● **Records to use**:
|---|
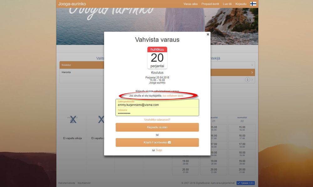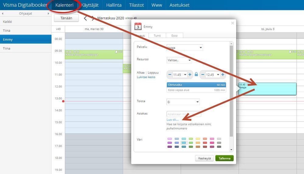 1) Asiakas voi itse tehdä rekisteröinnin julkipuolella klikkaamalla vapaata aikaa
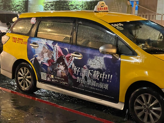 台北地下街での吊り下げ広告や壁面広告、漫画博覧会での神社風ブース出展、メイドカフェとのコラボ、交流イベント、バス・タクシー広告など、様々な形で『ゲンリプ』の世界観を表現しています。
|---|
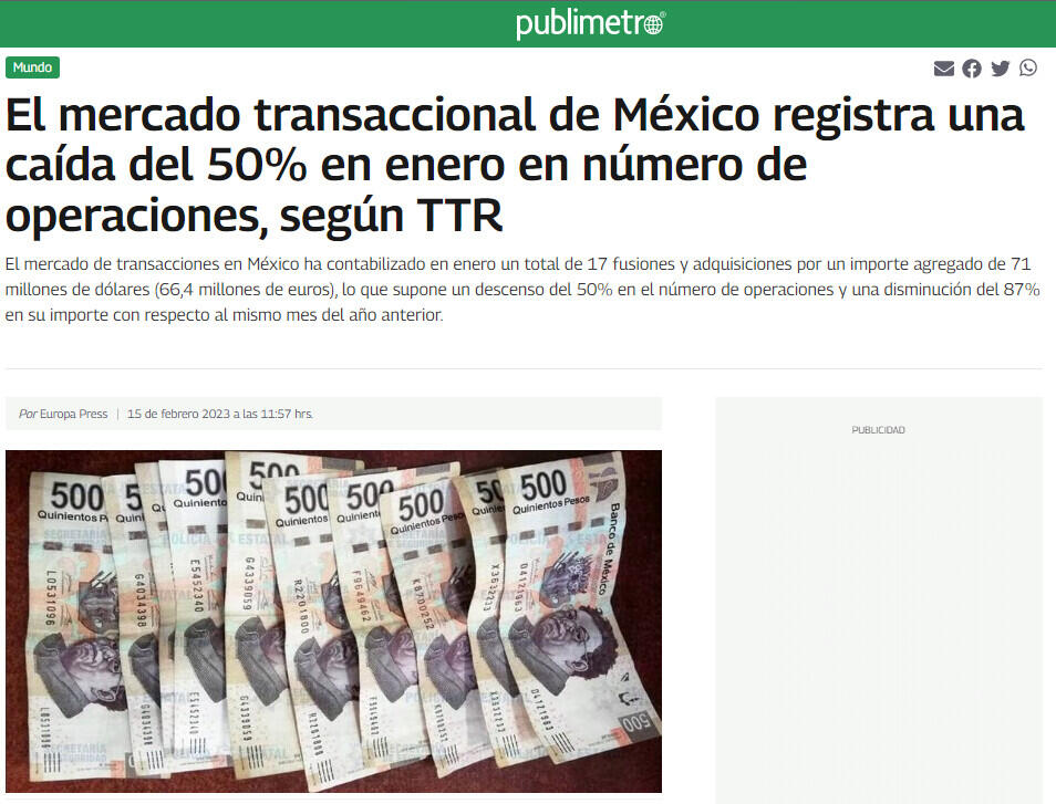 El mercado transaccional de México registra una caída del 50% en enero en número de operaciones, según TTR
|---|
● **Problem to solve**:
Begin at the line in the entries above that has "1) Asiakas voi", stop after the line that has "台北地下街での吊り下げ広告や", and output exactly those lines without pictures.

● **Expected answer**:
 1) Asiakas voi itse tehdä rekisteröinnin julkipuolella klikkaamalla vapaata aikaa
 台北地下街での吊り下げ広告や壁面広告、漫画博覧会での神社風ブース出展、メイドカフェとのコラボ、交流イベント、バス・タクシー広告など、様々な形で『ゲンリプ』の世界観を表現しています。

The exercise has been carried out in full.